# Function in piecewise linear finite element space which satisfies the divergence-free condition is the zero function

In book: The Mathematical Theory of Finite Element Methods, Susanne C.Brenner. Page 285. It says that

"It is reasonable to ask why one would want to use nonconforming finite elements. There are situations where nonconforming methods are clearly desirable. One example is the incompressible fluid flow problem. If one uses the vector conforming, piecewise linear Lagrange finite element, the only function in $V_h$ which satisfies the divergence-free condition is the zero function on generic meshes."

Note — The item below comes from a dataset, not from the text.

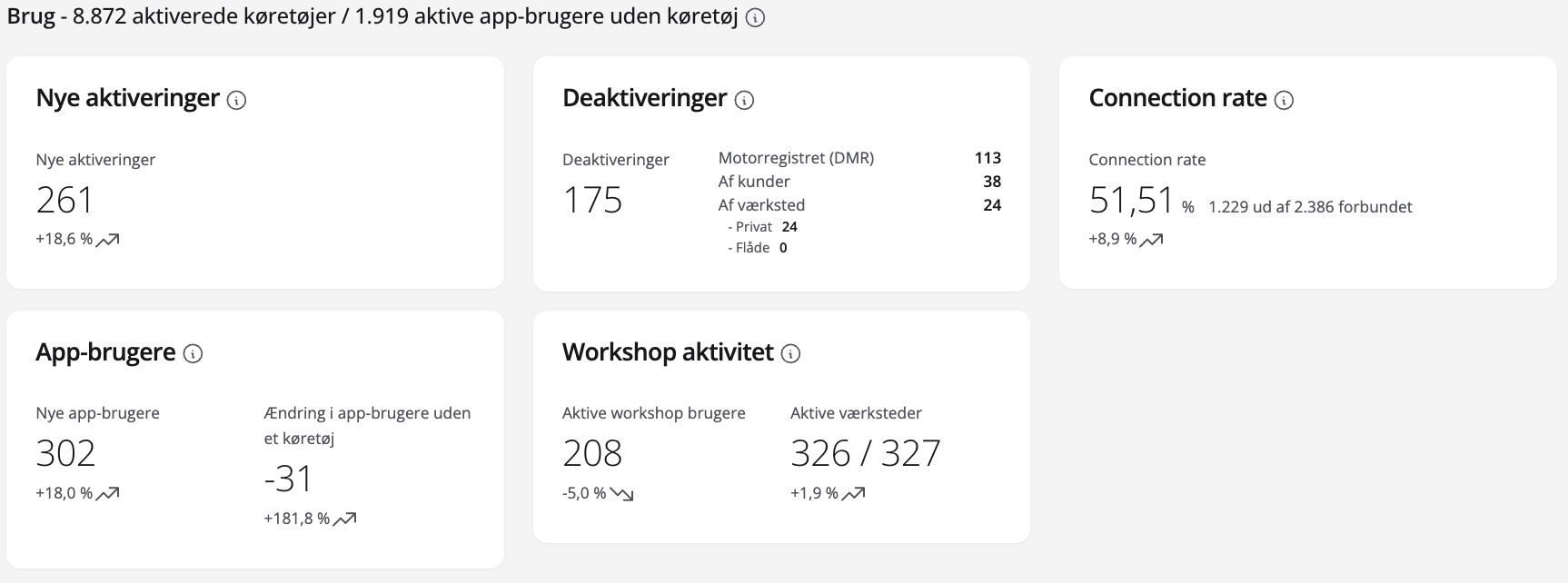 Disse tal er statiske, hvilket betyder, at uanset hvilken periode du vælger, så vil tallene altid reflektere de nuværende antal aktive køretøjer og aktive appbrugerer uden en forbundet bil for de værksteder, du har valgt.

I don't know why "the only function in $V_h$ which satisfies the divergence-free condition is the zero function on generic meshes." Could anyone help me on this? Thank you very much.

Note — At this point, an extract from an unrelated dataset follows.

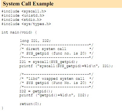 - νλ‘κ·Έλλ° μΈμ΄μμ μ§μνμ§ μλ κΈ°λ₯μ λνμ¬ μ΄μ체μ μ 루ν΄μ νΈμΆνμ¬ μ΄μ©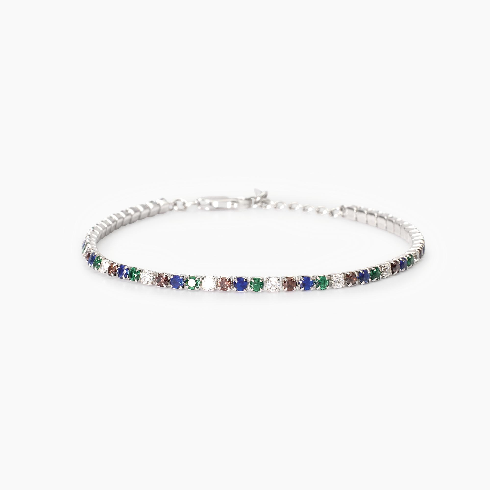 Bracciale tennis regolabile da uomo in argento rodiato con smeraldi e zaffiri sintetici, zirconi bianchi e zirconi marroni.

By definition, I know that in 2-D case, let $v\in V_h$, then for any triangle $T$, there exists $a_1,b_1,c_1,a_2,b_2,c_2\in\mathbb{R}$ such that $$v|_T=(a_1x+b_1y+c_1,a_2x+b_2y+c_2)$$ then $$0=\mathrm{div}(v|_T)=a_1+b_2$$ I don't how to obtain that $v|_T=0$.

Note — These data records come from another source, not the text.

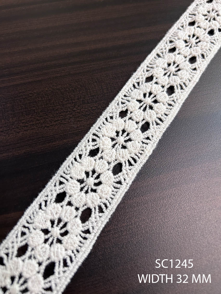 SC1245 Chemical Cotton GPO Lace – 32 MM Width (Dyeable | Export Quality | Per Meter)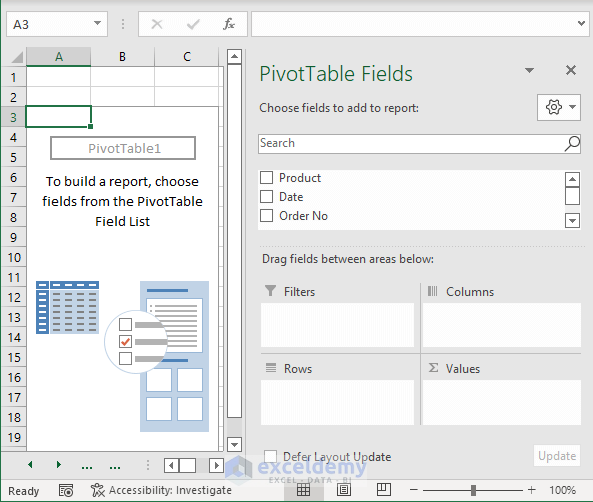پس از آن شماره سفارش (Order No) را به دو بخش «Raws» و «Values» منتقل کنید. اکسل به طور پیش فرض شماره سفارش‌ها را با هم جمع خواهد زد. نیاز است که این حالت پیش فرض را تغییر دهید.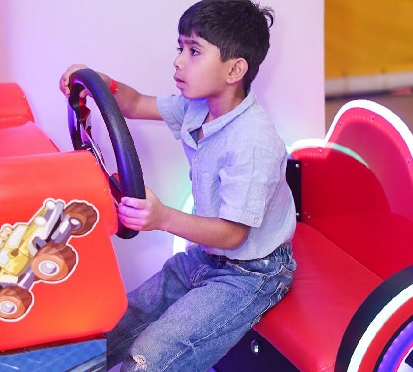 Beyond the main play structures, we have a variety of other fun zones. Kids can enjoy arcade racing games, air hockey, or let their imaginations run wild in our pretend-play sets like the dollhouse and supermarket.

For an arbitrary function $\,T\,$ at the linear triangle we have: $$T - T_1 = A.(x - x_1) + B.(y - y_1)$$ with: $$A = [ (y_3 - y_1).(T_2 - T_1) - (y_2 - y_1).(T_3 - T_1) ] / \Delta \\ B = [ (x_2 - x_1).(T_3 - T_1) - (x_3 - x_1).(T_2 - T_1) ] / \Delta$$ and: $$\Delta = (x_2 - x_1).(y_3 - y_1) - (x_3 - x_1).(y_2 - y_1)$$ Translated to your case for velocity components $\,(u,v)$ : $$\begin{cases} u - u_1 = a_1.(x - x_1) + b_1.(y - y_1) \\ v - v_1 = a_2.(x - x_1) + b_2.(y - y_1) \end{cases}$$ with: $$\begin{cases} a_1 = [ (y_3 - y_1).(u_2 - u_1) - (y_2 - y_1).(u_3 - u_1) ] / \Delta \\ b_1 = [ (x_2 - x_1).(u_3 - u_1) - (x_3 - x_1).(u_2 - u_1) ] / \Delta \end{cases} \\ \begin{cases} a_2 = [ (y_3 - y_1).(v_2 - v_1) - (y_2 - y_1).(v_3 - v_1) ] / \Delta \\ b_2 = [ (x_2 - x_1).(v_3 - v_1) - (x_3 - x_1).(v_2 - v_1) ] / \Delta \end{cases}$$ Thus, according to your correct analysis: $$\mathrm{div}(v|_T) \times \Delta=(a_1+b_2)\times \Delta = 0 \quad \Longrightarrow$$ $$[ (y_3 - y_1).(u_2 - u_1) - (y_2 - y_1).(u_3 - u_1) ] +\\ [ (x_2 - x_1).(v_3 - v_1) - (x_3 - x_1).(v_2 - v_1) ] = 0$$ $$[ (x_3 - x_2).v_1 - (y_3 - y_2).u_1] +\\ [(x_1 - x_3).v_2 - (y_1 - y_3).u_2] +\\ [(x_2 - x_1).v_3 - (y_2 - y_1).u_3] = 0$$ $$(\vec{r}_3-\vec{r}_2) \times \vec{w}_1 + (\vec{r}_1-\vec{r}_3) \times \vec{w}_2 + (\vec{r}_2-\vec{r}_1) \times \vec{w}_3 = 0$$ Where $\vec{r}=(x,y)\,$ and $\vec{w}=(u,v)$ . Cross products of edges with velocities are recognized.
In the original (fat) triangle the velocities (${\bf\color{red}{\mbox{red}}}$) are opposite to the edges of their cross product. But there exists a (thin) triangle which is similar to the original. In the latter triangle the velocities are in the middle of the edges, which makes the cross products equal to fluxes. And because of the similarity, the discretized equations (with scaling factor $2$) remain exactly the same. For this reason, there is no doubt that the scheme as proposed in the question by the OP is essentially correct.